Likewise in the wall a few tiny touches of stone work using Raw Umber
with my No 8 round brush. It seems strange that there are some green
things around in the front of the buildings, but these are every green
shrubs, how do I know that, you may ask, quite simply because its front
garden. But I don’t want it to be too bright a green so I am tapping a
little bit of Yellow Ochre here and there and merge the colours
together. Now for more shrubs which are not evergreen I am going in with
a touch of Ultra Marine Blue and Burnt Sienna fairly strong and a few
touches of Yellow Ochre here and there just to capture a little bit of
light.
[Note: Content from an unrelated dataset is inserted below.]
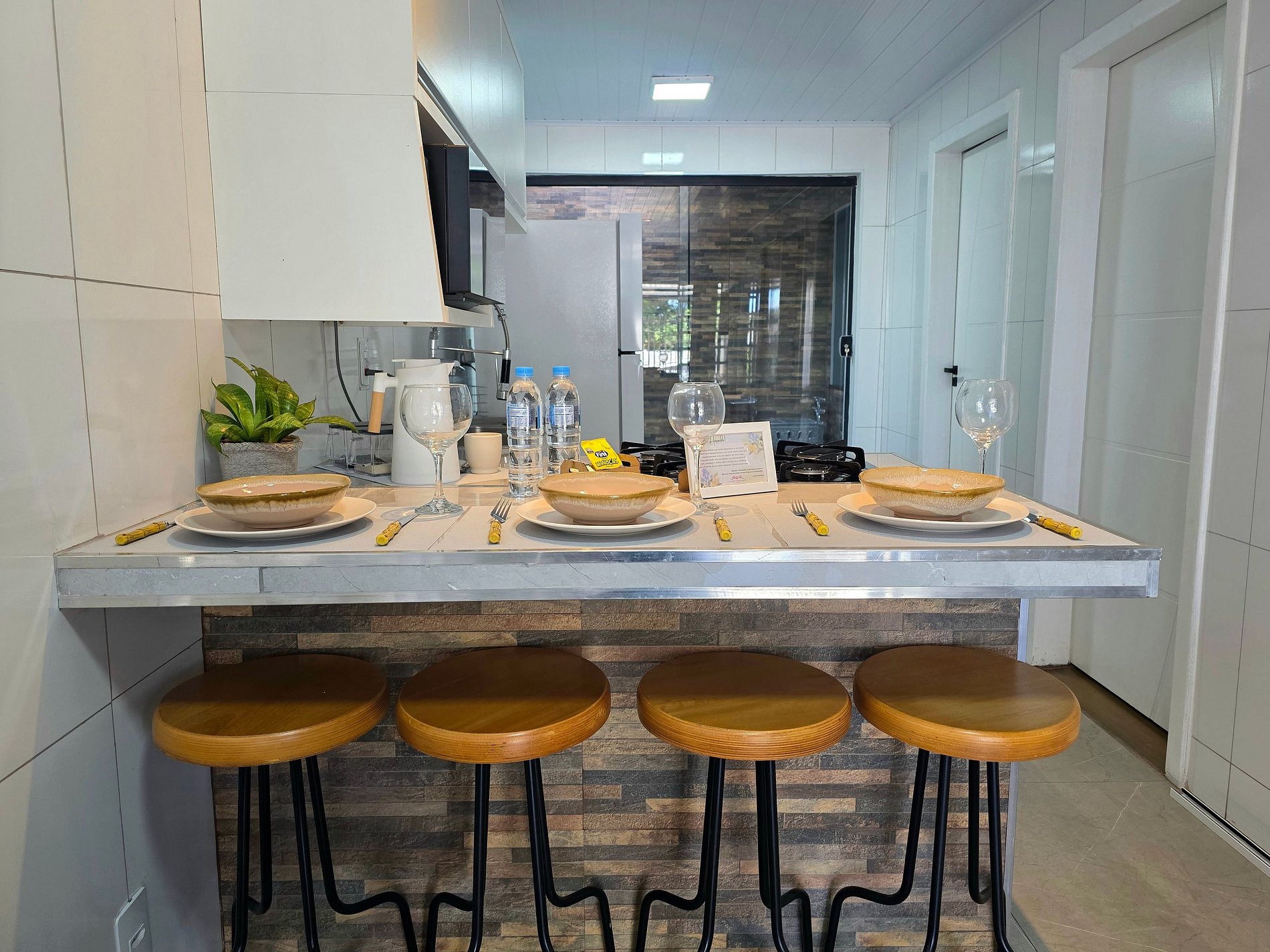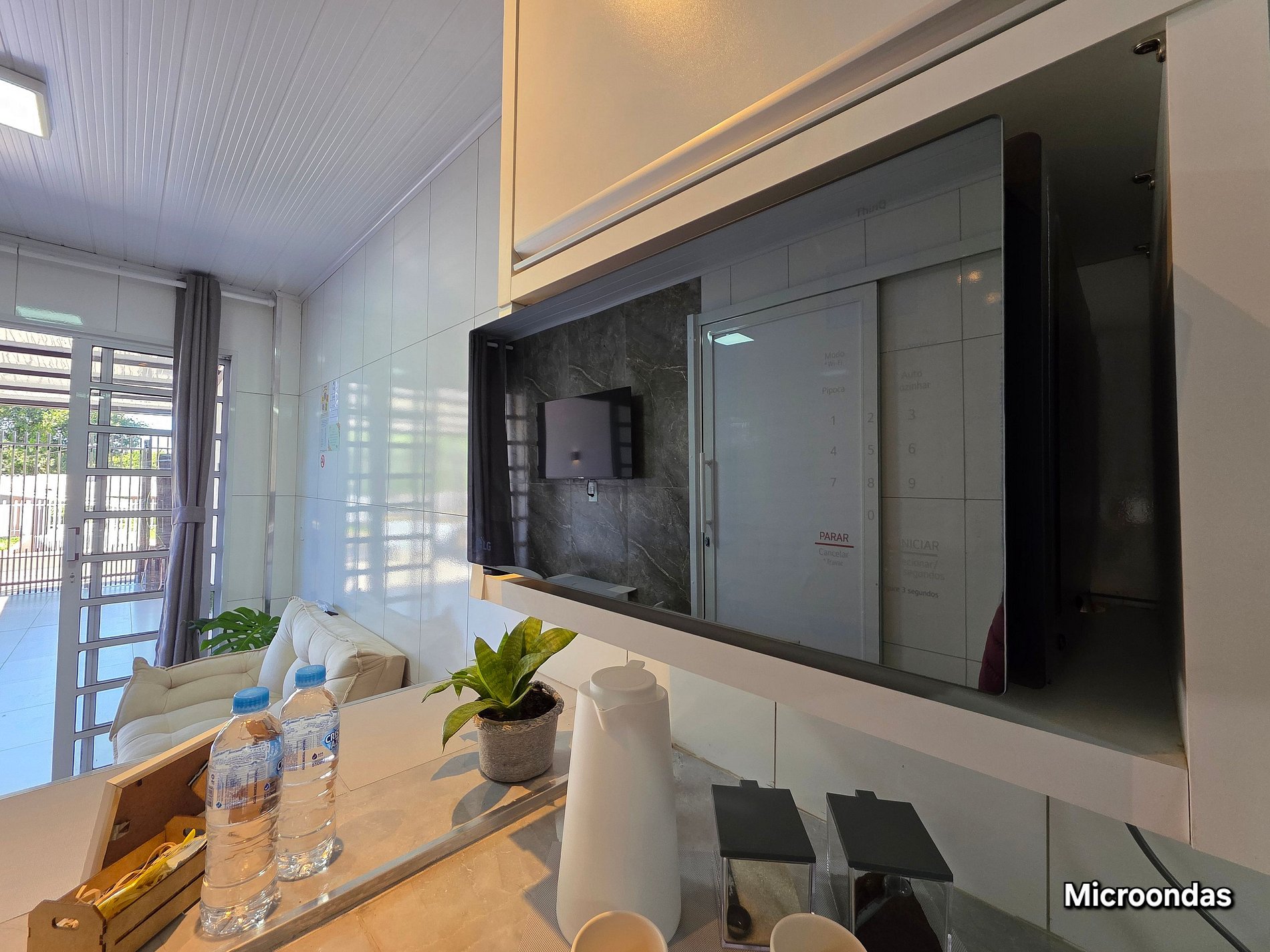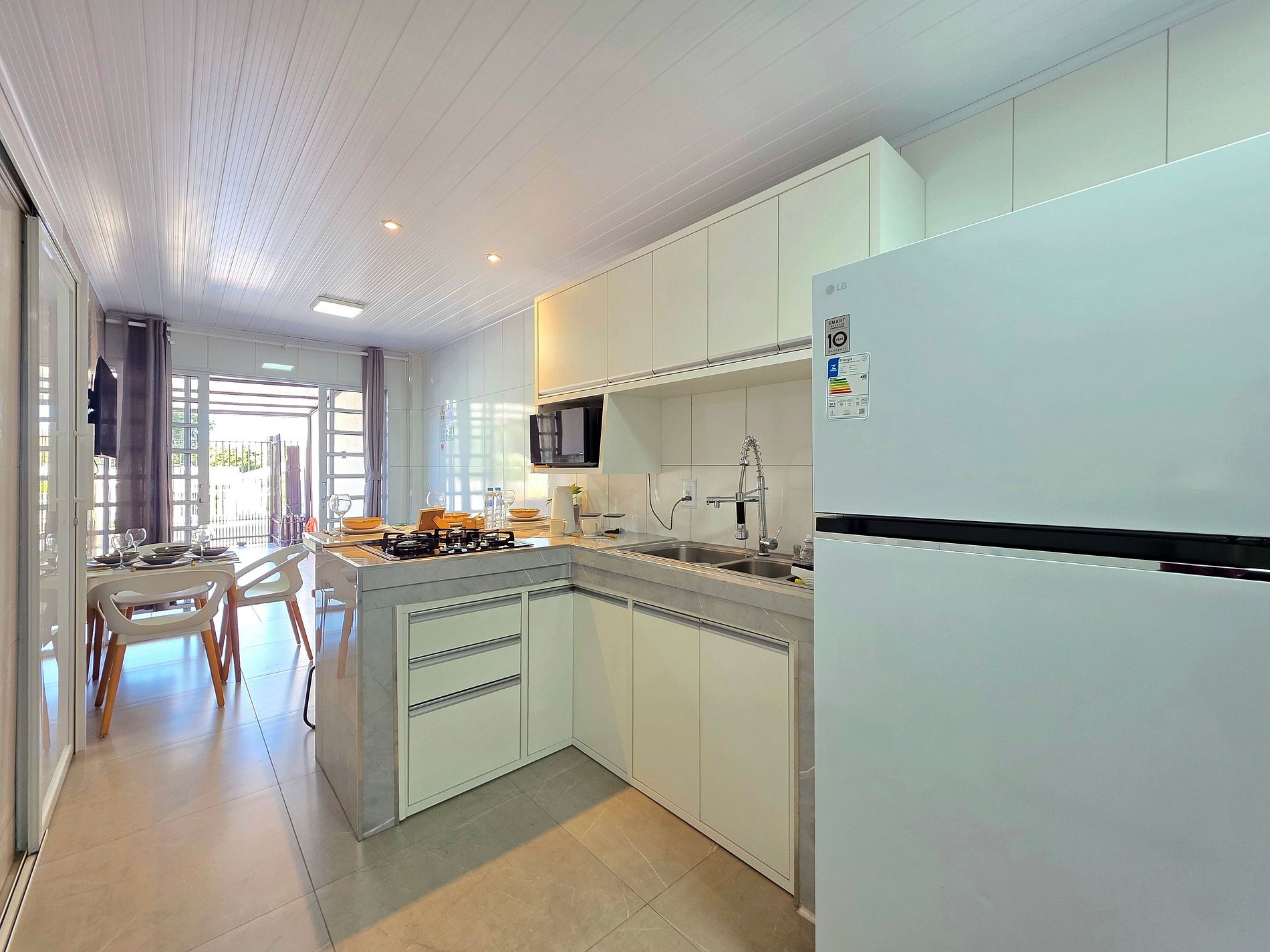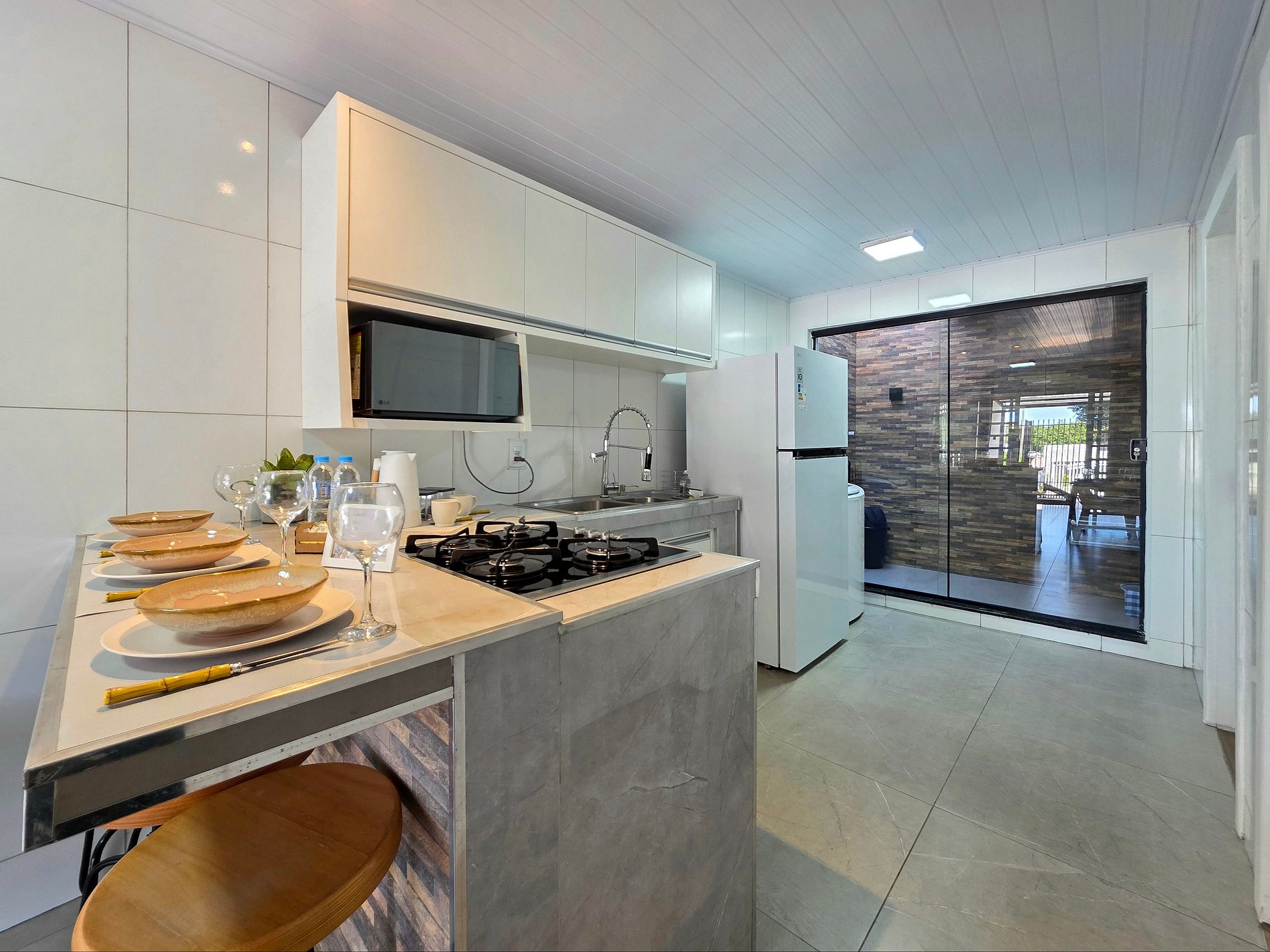 Cozinha completa com utensílios e louças para as refeições, fogão, microondas, sanduicheira, liquidificador.

By putting these in and leaving a little white sandwich on top of
the white, it looks like I’ve got snow on top of my walls.
|
|
|
Step 9 :
Now for the bushes to the side of the buildings with my 3/4 “wash brush
I am stippling on firstly with burnt sienna then a touch of yellow ochre
then a mixture of ultra marine blue and burnt sienna but also leaving a
few touches of white paper showing. I have a hedgerow underneath this
and I want a hint of green in it but obviously not too much so firstly
using a mixture of Burnt Sienna and Yellow Ochre and my 3/4 “ washrbrush
stroke over picking up the surface of the paper which incidentally is
the Langton Rough 140lb weight a very inexpensive but supremely hard
wearing paper and the one that I use everyday of my life. On top of this
mix, a few strokes of raw umber and a tiny touch of hookers green mixed
with burnt sienna. I am going to do this the same over to the left hand
side of my painting for the bits of rough stuff coming out at the base
of my trees. |
Step 10 :
I have a big foreground tree over to the left that I just want to kind
of poke into the picture. To start with, I go to my rigger brush and Raw
Umber and a mixture of Ultra Marine Blue and Burnt Sienna. Don’t fiddle
about with this even though its probably the most detailed tree in the
picture its still just a few squiggly lines with my rigger brush then
stippling on with my 3/4 “ wash brush. A rigger brush is a lovely flicky
bouncy brush don’t hold it at the end trying to hold it straight, hold
it further back and let the thing flick about on you and you will see
what lovely twigs it creates.
|
|
|
Step 11 :
Now for the
ground work, first of all I want a couple of strokes of Raw Umber here
and there to represent where the snow hasn’t hit the curb before
actually starting on the snow, also underneath the snow there are going
to be a few touches of grasses poking through here and there. I am just
using the side of my no 8 round brush and dragging up, picking up the
surface of the paper.
Now to my 3/4 “ wash brush its time for snow. Don’t leave to many bits
of white showing through. With a mixture of Ultra Marine Blue and Burnt
Sienna, but mainly blue, with my 3/4 “ wash brush a few loose strokes
here and there.
Now I am making the blue mix slightly stronger on the burnt sienna and
I’ll have a few darker stroke in amongst my snow.
Remember snow in shadow is not white. An easy way to add life to a
painting without actually having to paint people is to have a few little
bits of smoke coming out of the chimneys.
And there we go, one finished winter village scene.